[Mesa-dev] i965: Kicking off fp16 glsl support
Topi Pohjolainen
topi.pohjolainen at gmail.com
Fri Nov 24 12:26:27 UTC 2017
After Igalia's work on SPIRV 16-bit storage question arose how much
is needed on top in order to optimize GLES lowp/mediump with 16-bit
floats. I took glb 2.7 trex as a target and started drafting a glsl
lowering pass re-typing mediump floats into float16. In parallel,
I added bit by bit equivalent support into GLSL -> NIR pass and into
Intel compiler backend.
This series enables lowering for fragment shaders only. This was
sufficient for trex which doesn't use mediump precision for vertex
shaders.
First of all this is not complete work. I'd like to think of it more
as trying to give an idea what is currently missing. And by giving
concrete (if not ideal) solutions making each case a little clearer.
On SKL this runs trex pretty much on par compared to 32-bit. Intel
hardware doesn't have native support for linear interpolation using
16-bit floats and therefore pln() and lrp() incur additional moves
from 16-bits to 32-bits (and vice versa). Both can be replaced
relatively efficiently using mad() later on.
Comparing shader dumps between 16-bit and 32-bit indicates that all
optimization passes kick in nicely (sampler-eot, mad(), etc). Only
additional are the before mentioned conversion instructions.
Series starts with miscellanious bits needed in the glsl and nir.
This is followed by equivalent bits in the Intel compiler backend.

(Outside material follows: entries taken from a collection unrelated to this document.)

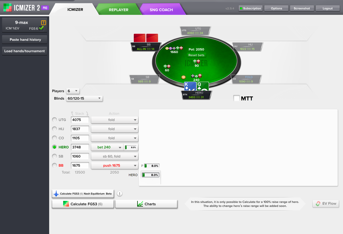 ICMIZER是一种用于扑克锦标赛的翻前纳什计算器,它可以计算出几乎任何一种扑克锦标赛场景的最优范围。
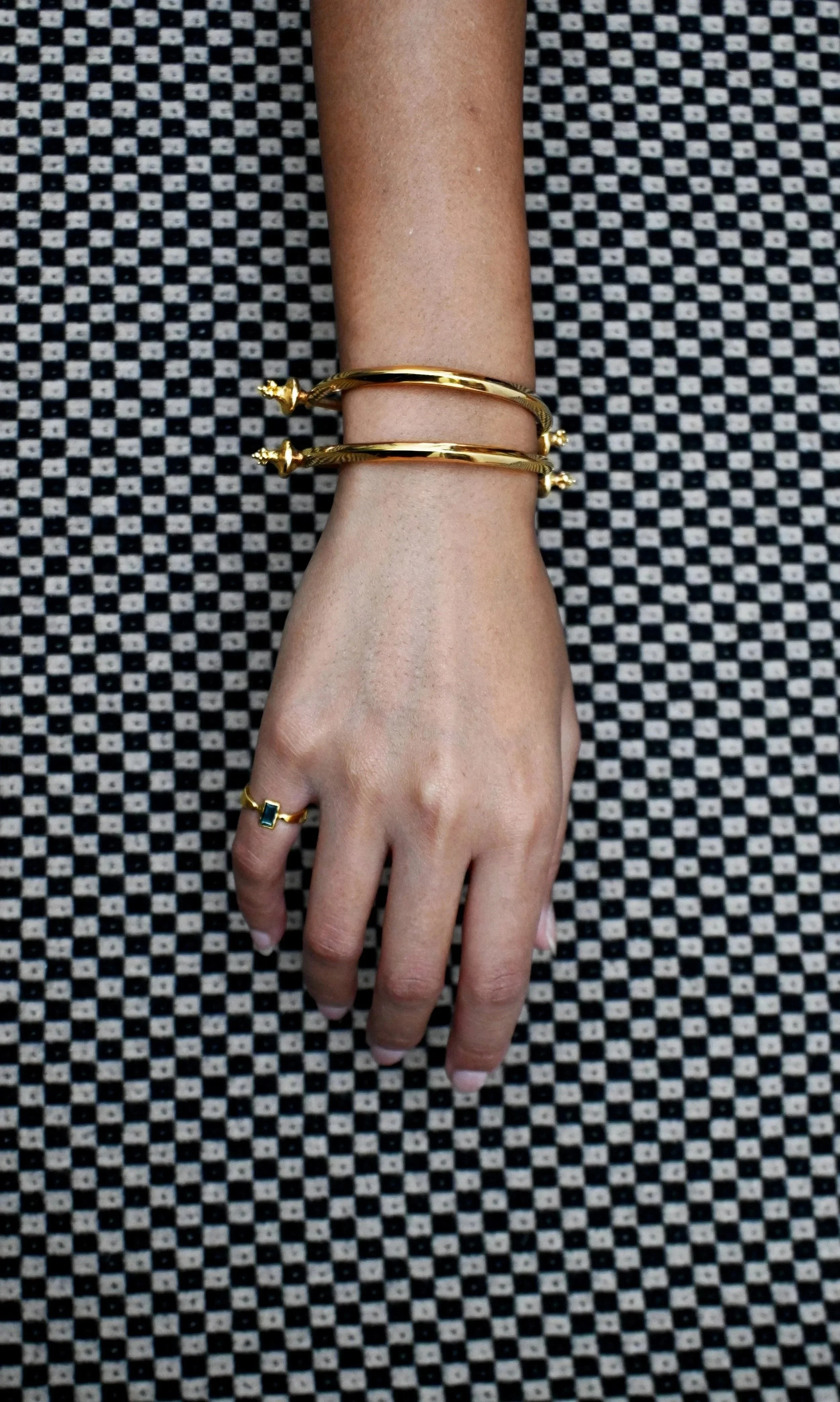 Solid brass wrist adornments inspired by vintage hand cuffs and south Asian motifs.
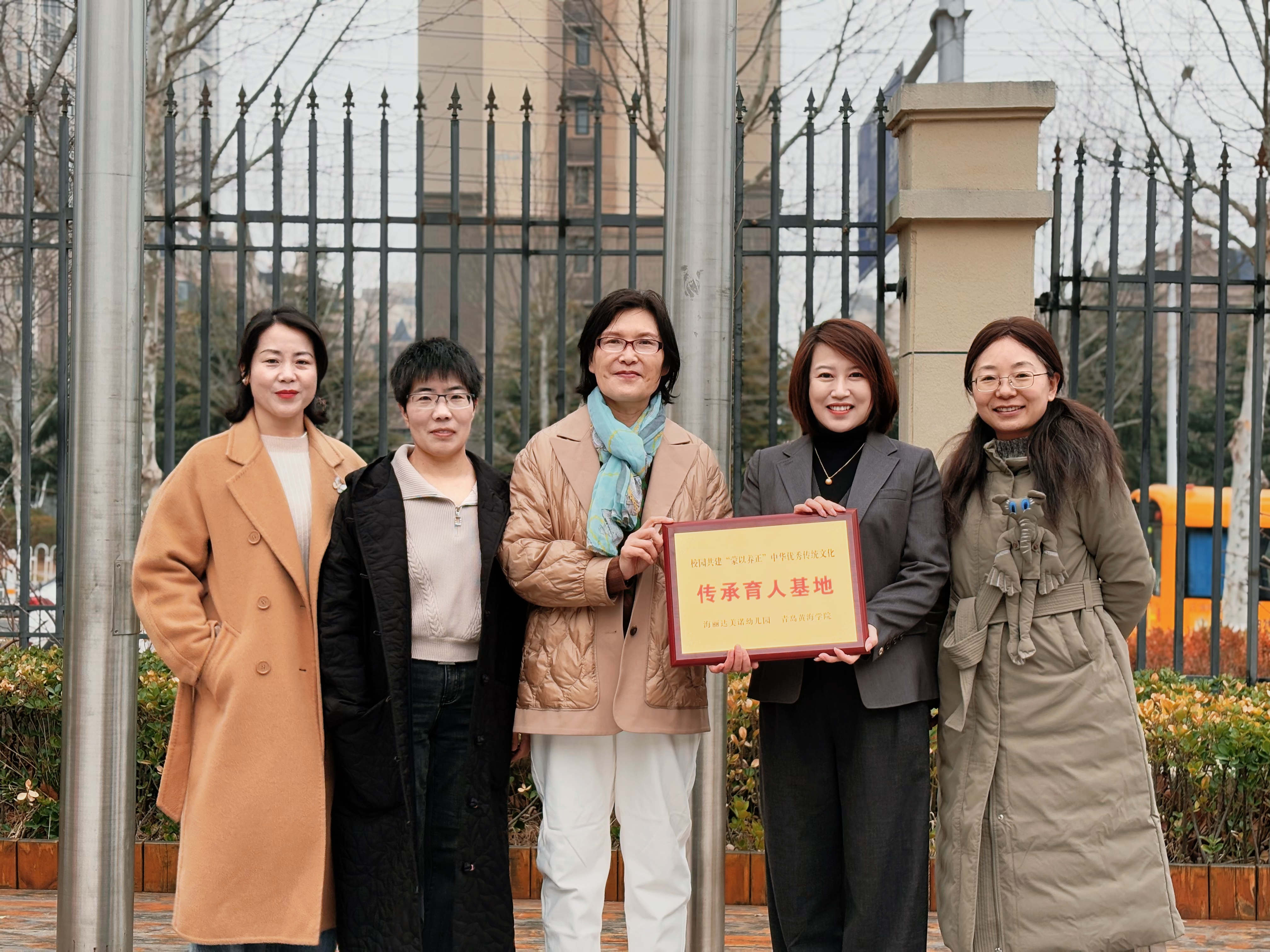 在热烈的掌声中,何亿嘉园长和吴晓峰教授共同为“蒙以养正”中华优秀传统文化传承育人基地揭牌。揭牌仪式结束后,全体人员合影留念,记录下这一珍贵时刻。
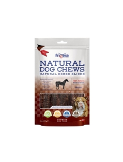 Natural Dog Chews Horse Slices. Disse hestekødsskiver er lækre snacks lavet af det allerbedste kød. De er delikat tørret med ren luft for at skabe en mør, men let sprød snack. Perfekt til en berigende oplevelse af længere varighed. Derudover bliver en godbid ikke mere naturlig. Disse skiver har et højt indhold af protein, jern, zink, magnesium og vitamin B12, hvilket bidrager til sunde muskler og giver hunden essentielle komponenter. Da de er skåret i praktiske skiver og nemme at portionere, er disse godbidder velegnede til hunde i alle størrelser. Selv hvalpe kan nyde denne absolutte delikatesse.
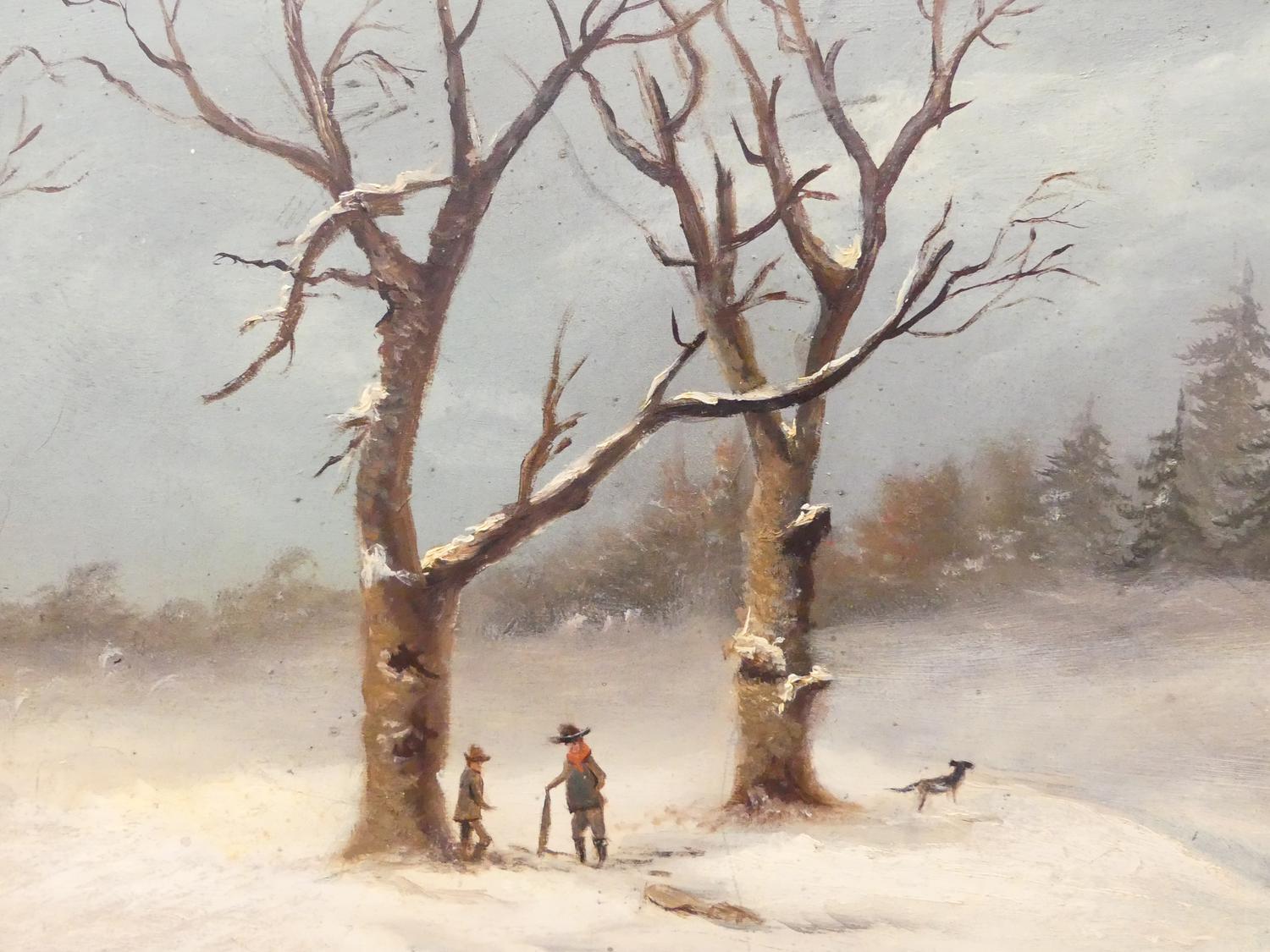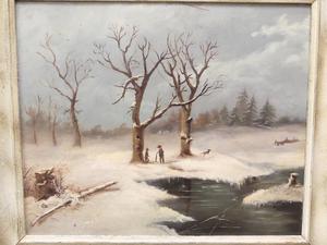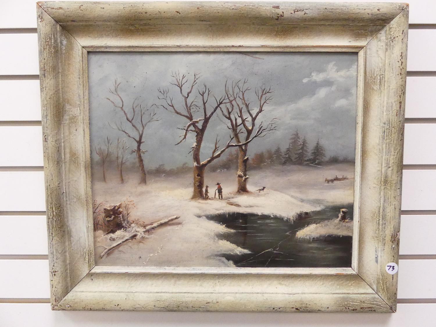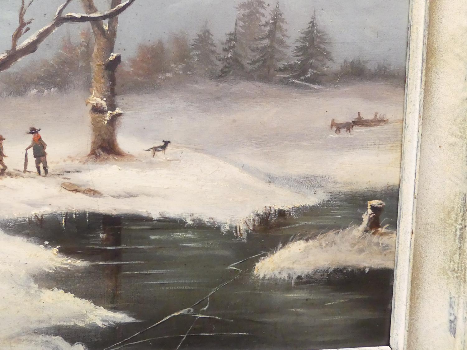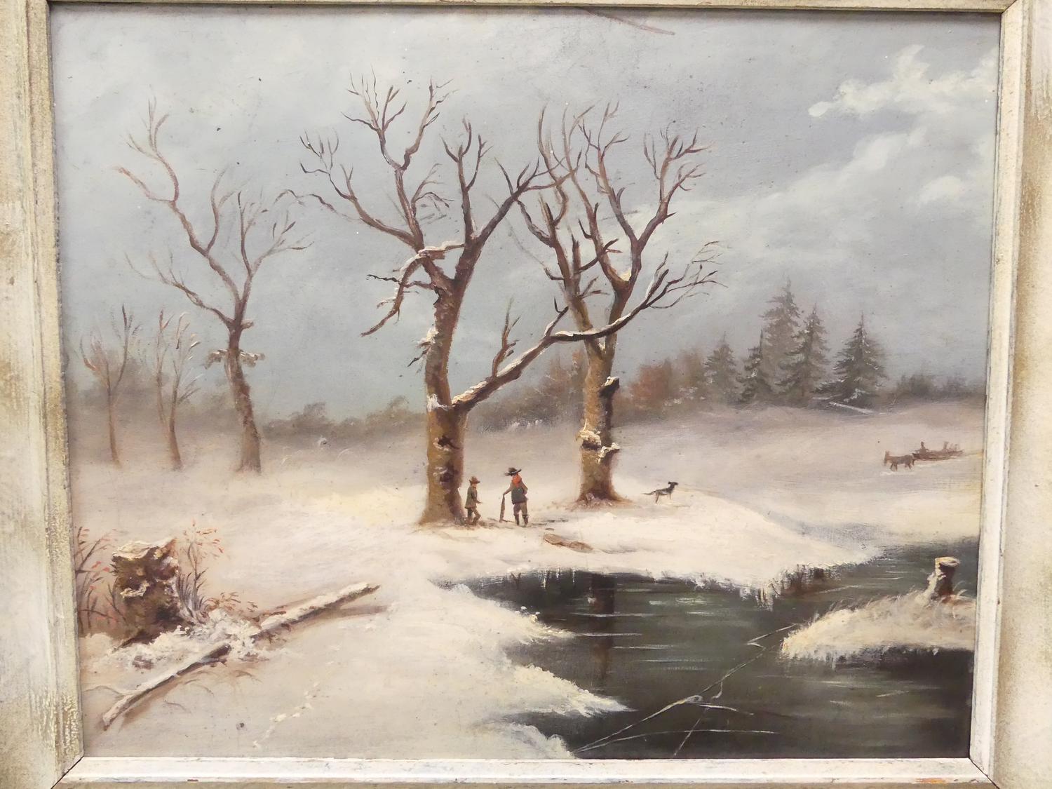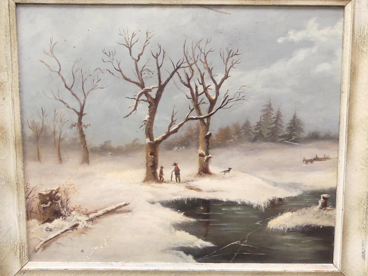 early 20th century dutch school, oil on borad, 14" x 19", "winter scene"
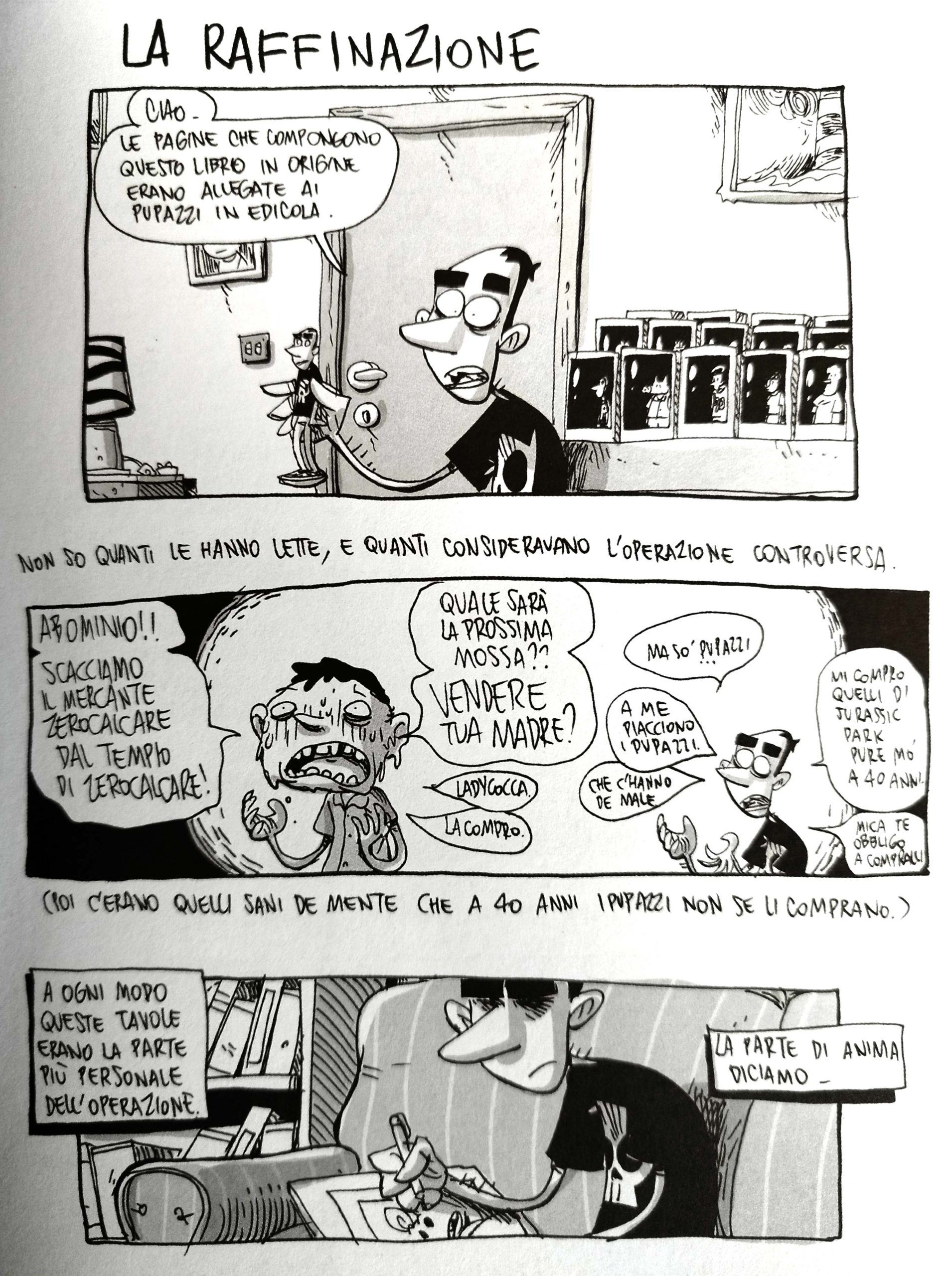 Se l’operazione in sé – come lo stesso Zerocalcare afferma nella piccola storia – ha un senso per i “fan” (non lo metto in dubbio), dall’altro lato c’è, purtroppo, una caduta di coerenza (almeno per il sottoscritto) della professionalità di Michele Rech. Era già stata ardua la scelta di lanciare delle statuette, figuriamoci poi trarne un volume.
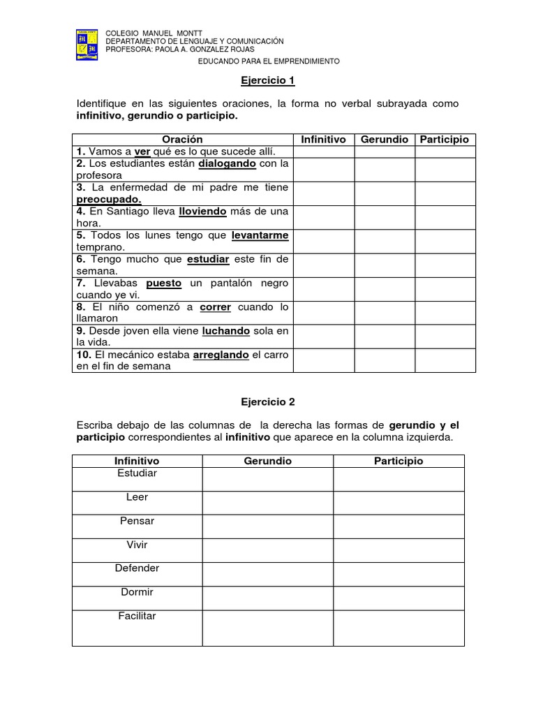 Escriba en los espacios en blanco la forma no personal correspondiente de
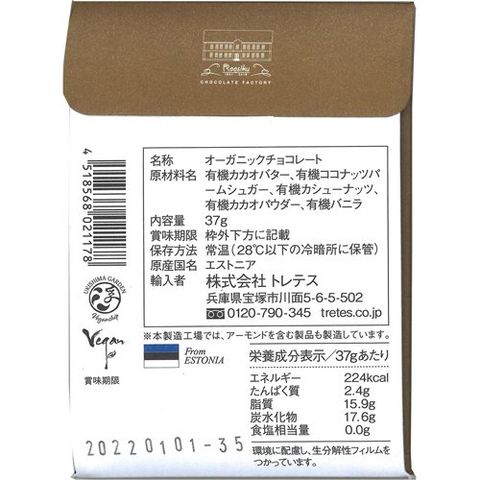 | 有機カカオバター、有機ココナッツパームシュガー、有機カシューナッツ、有機カカオパウダー、有機バニラ |

These are followed up changes that are subject to more debate:
1) Support for SIMD8 fp16 in liveness analysis, copy propagation,
dead code elimination, etc.
In order to tell if one instruction fully overwrites the results
of another one needs to examine how much of a register is written.
Until now this has been done in granularity of full or partial
register, i.e., there is no concept of "full sub-region write".
And until now there was no need as all data types took 4-bytes
per element resulting into full 32-byte register even in case of
SIMD8. Partial writes where all special and could be safely
ignored in various analysis passes.
Half precision floats, however, break this assumption. On SIMD8
full write with 16-bit elements results into half register.
I tried patching different passes examing partial writes one by
one but that started to get out hand. Moreover, just by looking
a register type size it is not safe to say if it really is full
write or not.
Solution here is to explicitly store this information into
registers: added new member fs_reg::pad_per_component.
Subsequently patching fs_reg::component_size() to take the
padding into account propagates the information to all users.
Patch 28 updates a few users to use component_size() instead
of open coded, 29 adds the actual support and 30-35 update
NIR -> FS to signal the padding (these are separated just for
review).
It should be noted that here one deals with virtual registers.
Final hardware allocator is separate and using full registers
in virtual space shouldn't prevent it from using thighter
packing.
Chema, this overlaps with your work, I hope you don't mind.
2) Booleans produced from 16-bit sources. Whereas for GLSL and for
NIR booleans are just booleans, on Intel hardware they are integers.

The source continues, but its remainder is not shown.